▶ **Requirement**
Find "3. 全方位安全保障:营运新车全配备百万级乘车险,还有号码保护及一键报警功能。" below and begin at its line; stop after the line with "Основной зал: 42". Output those lines exactly, without pictures.

(Entries provided begins)

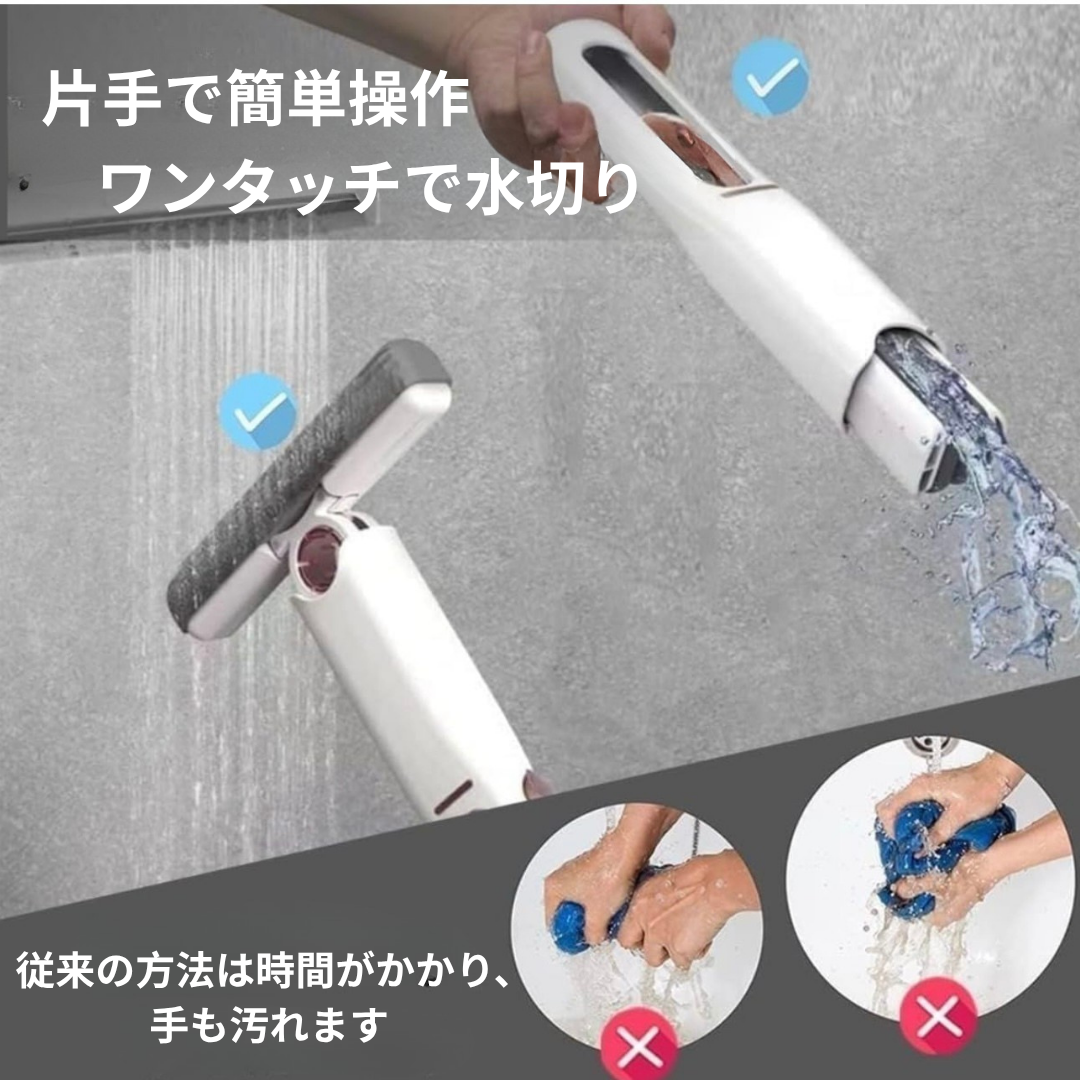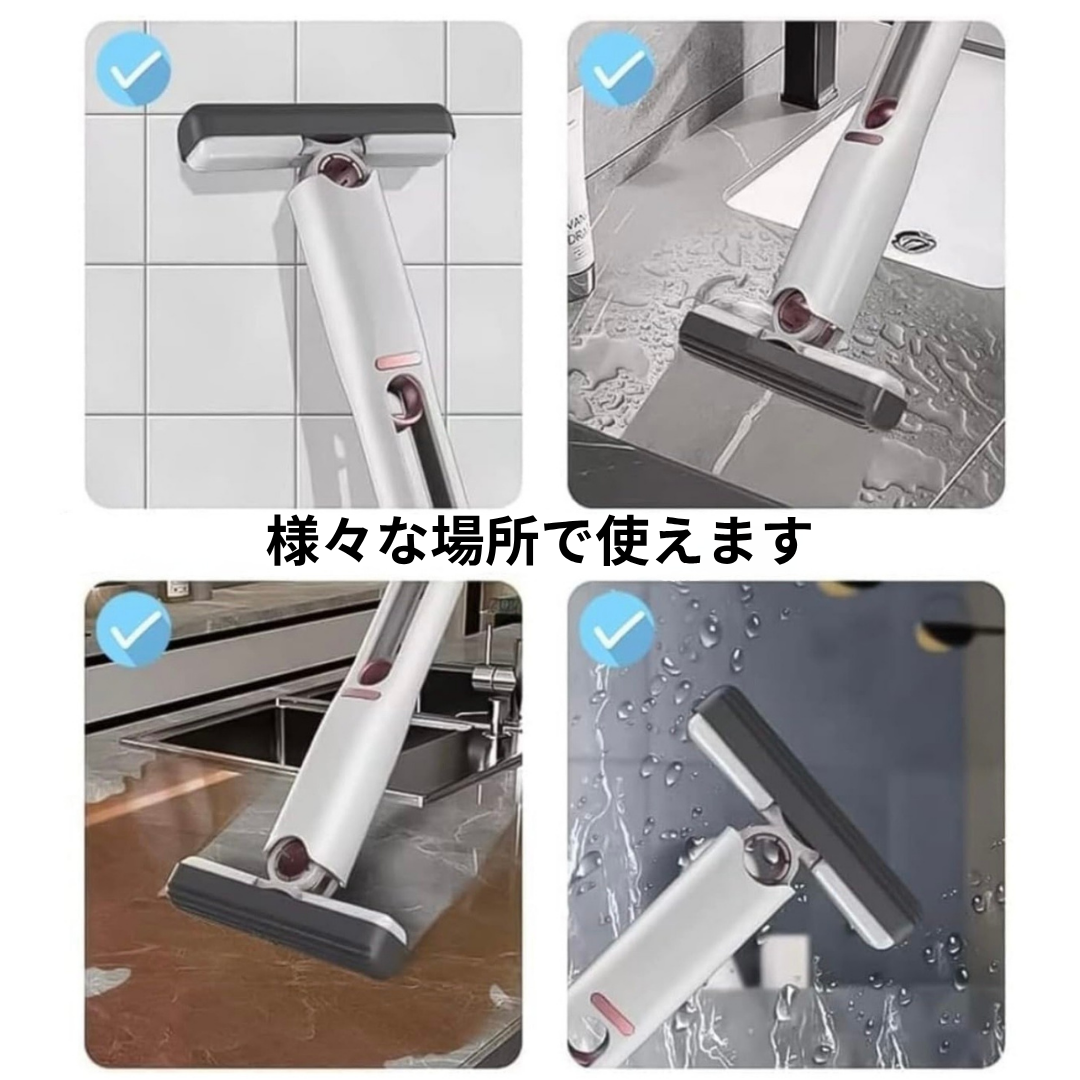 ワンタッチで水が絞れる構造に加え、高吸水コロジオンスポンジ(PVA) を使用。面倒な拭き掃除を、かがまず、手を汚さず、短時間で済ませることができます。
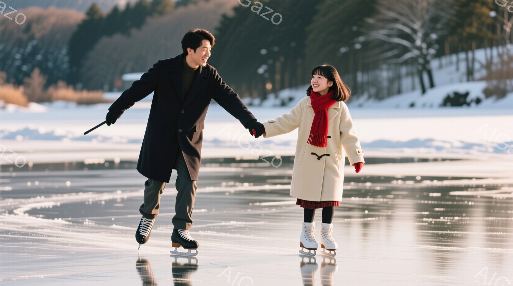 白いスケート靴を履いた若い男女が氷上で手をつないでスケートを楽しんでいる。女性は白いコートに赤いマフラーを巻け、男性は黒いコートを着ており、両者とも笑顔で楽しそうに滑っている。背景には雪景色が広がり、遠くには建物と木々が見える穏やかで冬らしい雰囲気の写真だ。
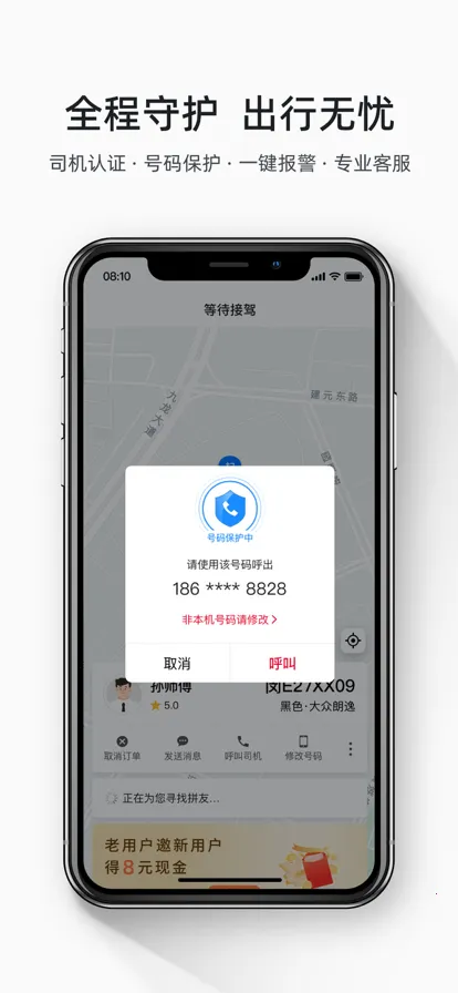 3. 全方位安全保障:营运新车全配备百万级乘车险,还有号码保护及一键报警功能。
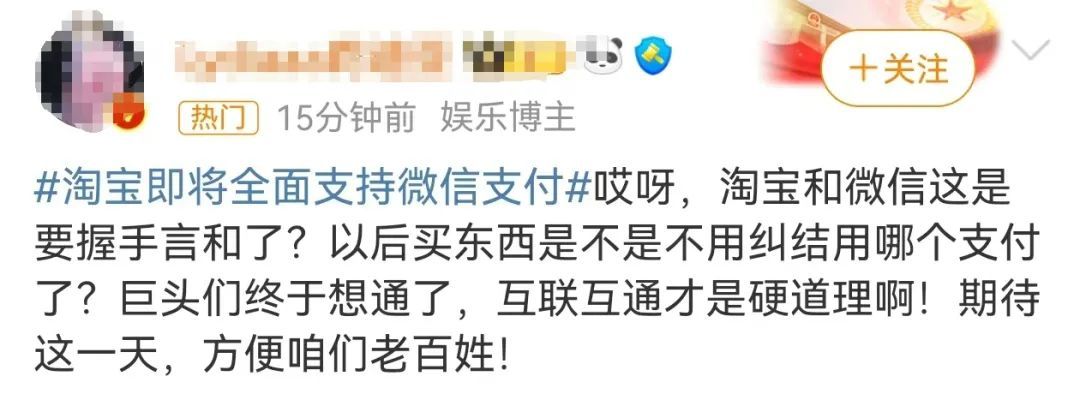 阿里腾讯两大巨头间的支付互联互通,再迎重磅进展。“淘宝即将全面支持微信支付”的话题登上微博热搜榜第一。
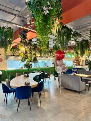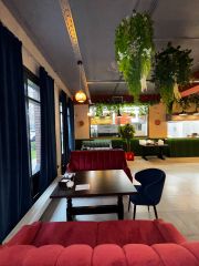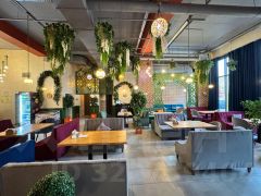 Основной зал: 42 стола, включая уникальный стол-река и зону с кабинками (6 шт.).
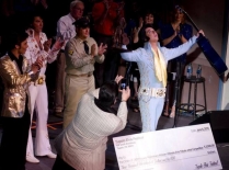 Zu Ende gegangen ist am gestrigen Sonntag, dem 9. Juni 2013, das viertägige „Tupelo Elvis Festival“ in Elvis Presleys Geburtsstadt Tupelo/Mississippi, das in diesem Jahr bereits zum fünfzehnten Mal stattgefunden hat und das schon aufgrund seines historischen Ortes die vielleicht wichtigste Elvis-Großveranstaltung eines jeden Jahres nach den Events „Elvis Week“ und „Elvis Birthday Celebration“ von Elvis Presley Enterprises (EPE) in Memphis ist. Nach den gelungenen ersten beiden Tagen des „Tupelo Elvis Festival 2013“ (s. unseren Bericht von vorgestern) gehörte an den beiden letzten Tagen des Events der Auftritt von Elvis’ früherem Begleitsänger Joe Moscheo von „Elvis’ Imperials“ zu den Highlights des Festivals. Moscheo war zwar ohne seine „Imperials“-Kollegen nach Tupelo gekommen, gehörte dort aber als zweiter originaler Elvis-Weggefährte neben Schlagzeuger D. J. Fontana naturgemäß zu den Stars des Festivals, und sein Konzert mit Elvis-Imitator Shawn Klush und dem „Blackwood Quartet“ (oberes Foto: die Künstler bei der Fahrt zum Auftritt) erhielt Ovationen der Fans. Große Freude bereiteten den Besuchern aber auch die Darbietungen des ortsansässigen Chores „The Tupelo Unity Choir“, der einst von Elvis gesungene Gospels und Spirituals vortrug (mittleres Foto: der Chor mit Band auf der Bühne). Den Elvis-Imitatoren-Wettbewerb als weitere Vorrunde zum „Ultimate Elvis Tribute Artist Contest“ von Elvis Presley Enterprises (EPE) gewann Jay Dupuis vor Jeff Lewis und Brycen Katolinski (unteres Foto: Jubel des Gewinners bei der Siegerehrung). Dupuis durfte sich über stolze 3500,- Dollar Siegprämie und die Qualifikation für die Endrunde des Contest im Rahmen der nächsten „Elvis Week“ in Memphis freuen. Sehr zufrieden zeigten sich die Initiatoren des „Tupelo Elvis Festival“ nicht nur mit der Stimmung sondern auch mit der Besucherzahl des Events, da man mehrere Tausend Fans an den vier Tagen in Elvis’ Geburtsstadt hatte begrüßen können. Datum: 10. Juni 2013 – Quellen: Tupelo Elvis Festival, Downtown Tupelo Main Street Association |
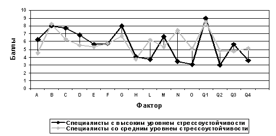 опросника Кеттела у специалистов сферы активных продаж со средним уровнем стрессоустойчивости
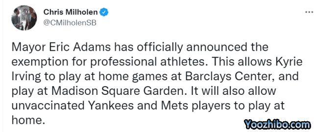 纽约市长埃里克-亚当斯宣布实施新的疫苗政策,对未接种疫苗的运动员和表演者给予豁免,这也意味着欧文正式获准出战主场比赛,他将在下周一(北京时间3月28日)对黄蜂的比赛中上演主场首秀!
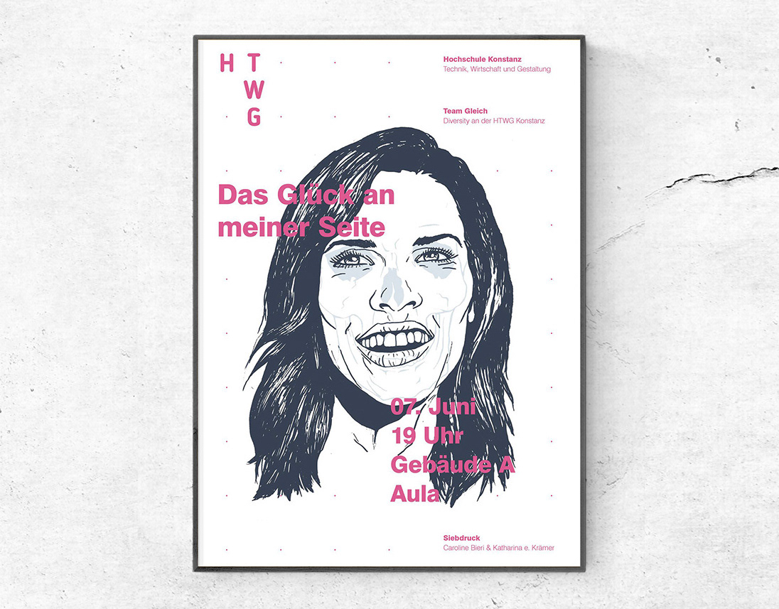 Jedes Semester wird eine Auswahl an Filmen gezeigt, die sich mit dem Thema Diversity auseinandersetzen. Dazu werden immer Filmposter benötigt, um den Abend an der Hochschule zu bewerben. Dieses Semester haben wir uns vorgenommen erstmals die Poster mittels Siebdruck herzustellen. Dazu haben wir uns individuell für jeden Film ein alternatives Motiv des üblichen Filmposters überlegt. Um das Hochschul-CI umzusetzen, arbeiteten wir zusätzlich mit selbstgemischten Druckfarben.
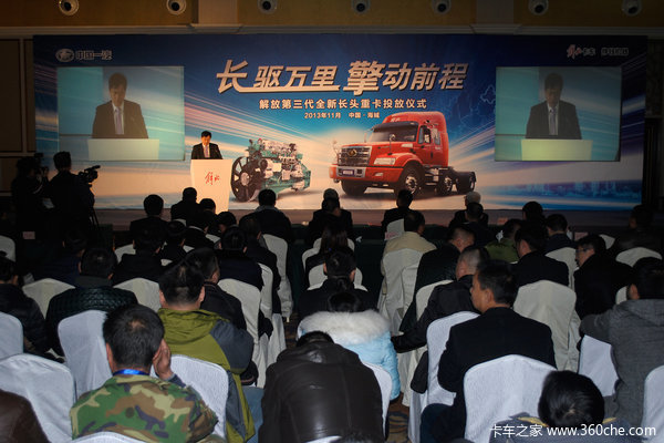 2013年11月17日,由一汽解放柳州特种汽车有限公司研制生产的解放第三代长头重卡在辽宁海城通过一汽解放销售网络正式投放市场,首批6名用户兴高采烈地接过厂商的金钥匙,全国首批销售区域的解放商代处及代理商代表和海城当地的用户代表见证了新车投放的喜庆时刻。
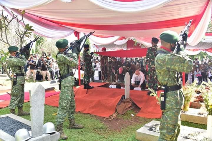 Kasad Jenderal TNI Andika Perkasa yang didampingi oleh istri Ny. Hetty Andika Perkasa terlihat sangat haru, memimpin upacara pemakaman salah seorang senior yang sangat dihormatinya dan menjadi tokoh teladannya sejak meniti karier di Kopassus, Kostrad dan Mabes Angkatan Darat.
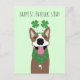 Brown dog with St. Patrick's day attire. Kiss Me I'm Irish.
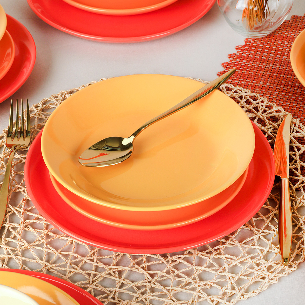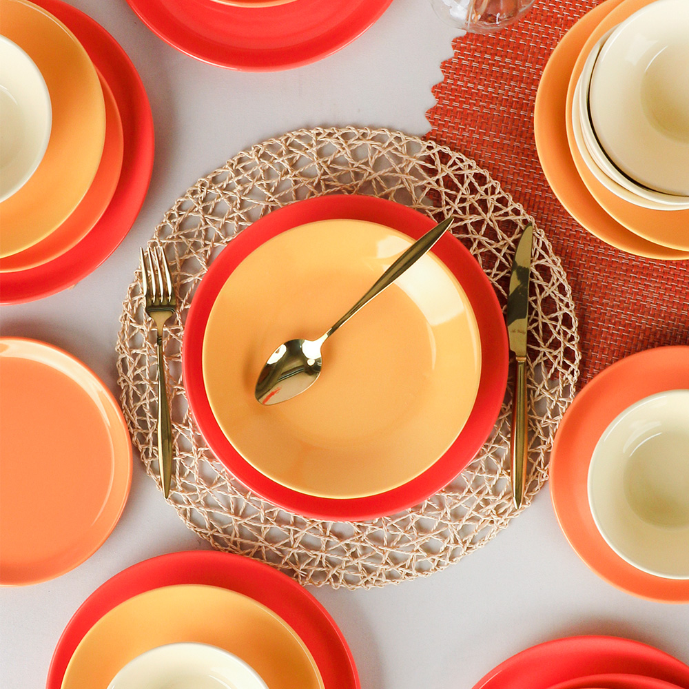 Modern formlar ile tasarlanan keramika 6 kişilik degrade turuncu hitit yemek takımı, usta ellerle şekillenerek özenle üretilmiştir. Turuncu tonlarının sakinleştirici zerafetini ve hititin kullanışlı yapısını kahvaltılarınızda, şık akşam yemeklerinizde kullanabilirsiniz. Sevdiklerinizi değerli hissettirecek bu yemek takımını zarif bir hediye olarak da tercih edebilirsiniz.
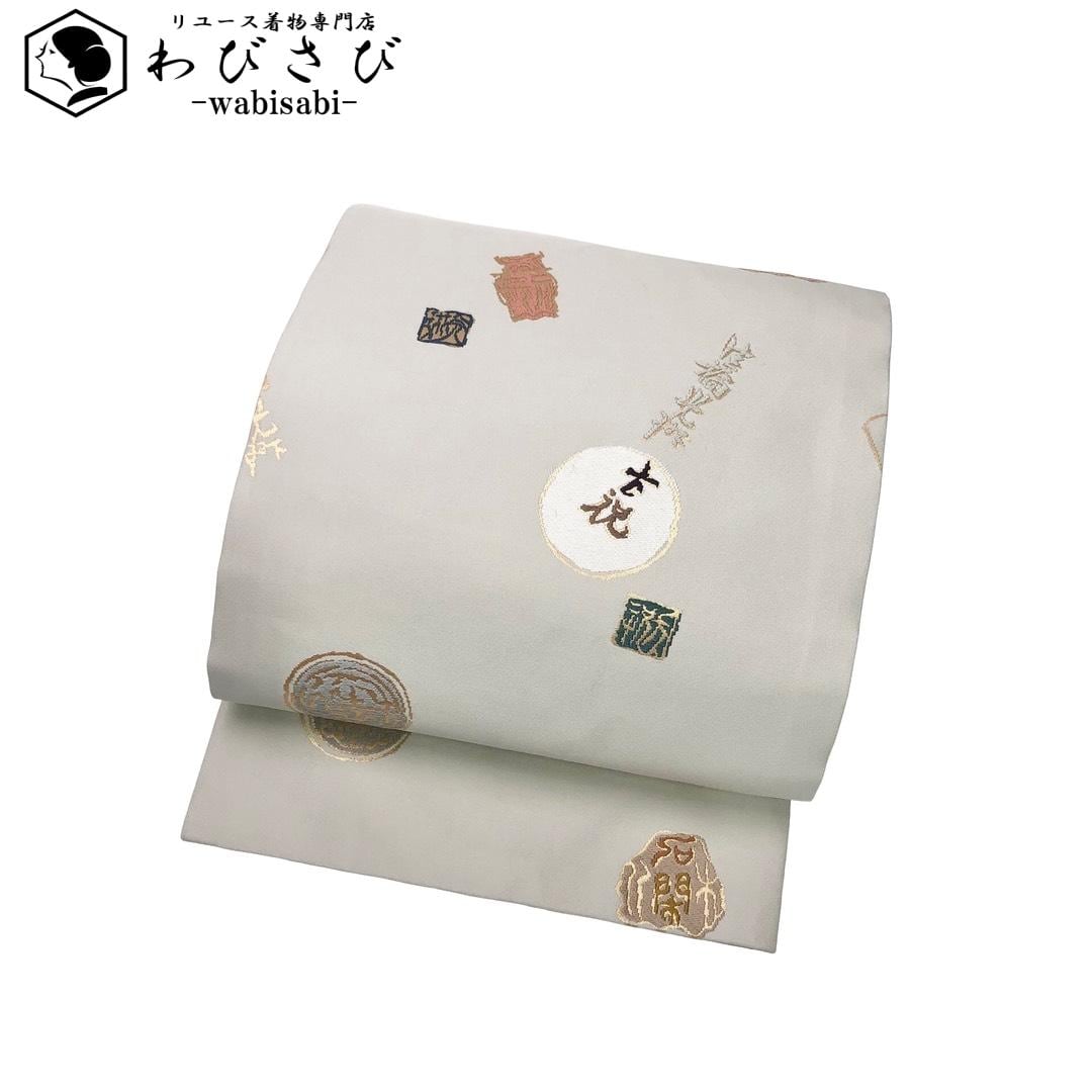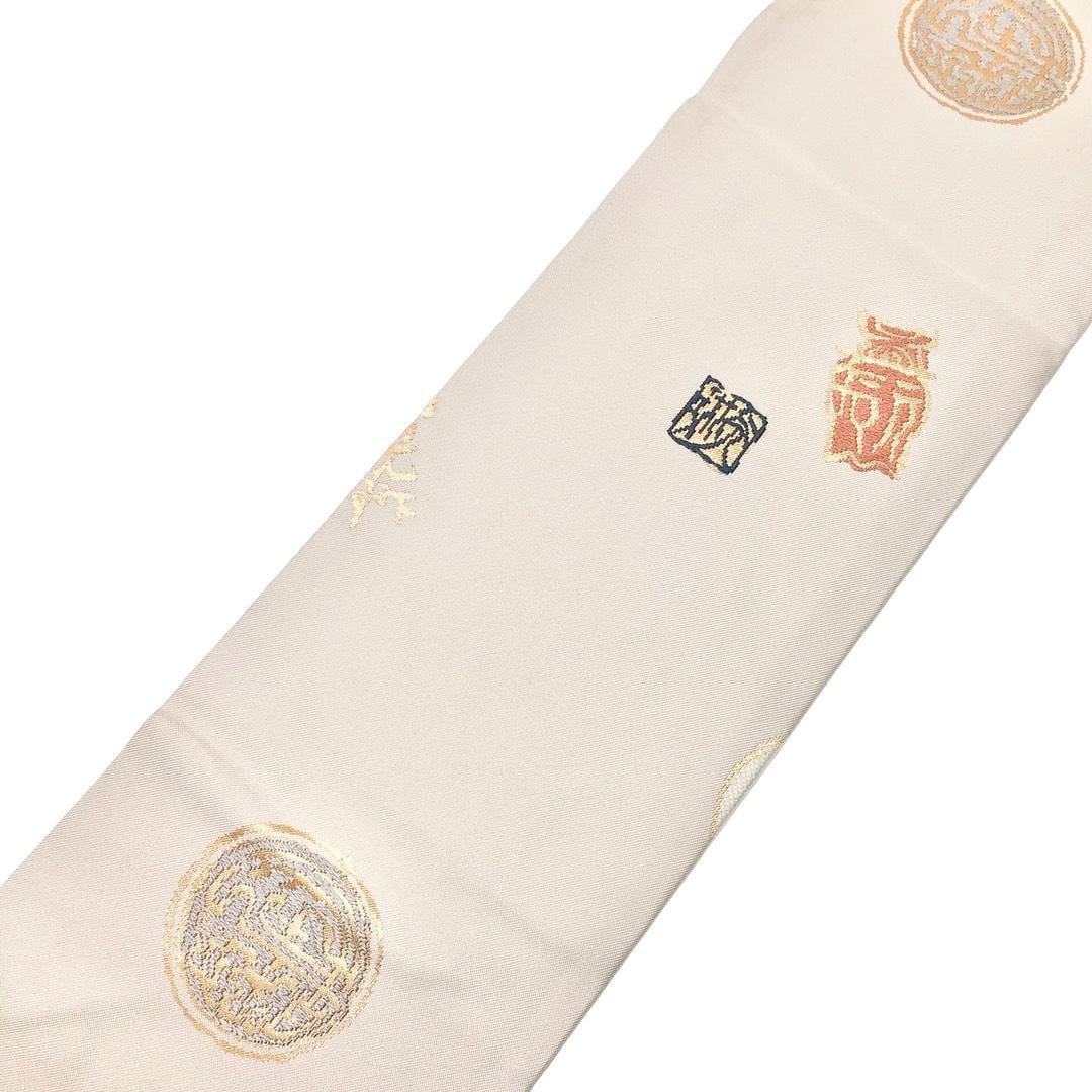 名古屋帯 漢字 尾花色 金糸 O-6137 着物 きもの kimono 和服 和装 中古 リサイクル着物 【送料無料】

(Entries provided ends)

▶ **Problem solution**
 3. 全方位安全保障:营运新车全配备百万级乘车险,还有号码保护及一键报警功能。
 阿里腾讯两大巨头间的支付互联互通,再迎重磅进展。“淘宝即将全面支持微信支付”的话题登上微博热搜榜第一。
 Основной зал: 42 стола, включая уникальный стол-река и зону с кабинками (6 шт.).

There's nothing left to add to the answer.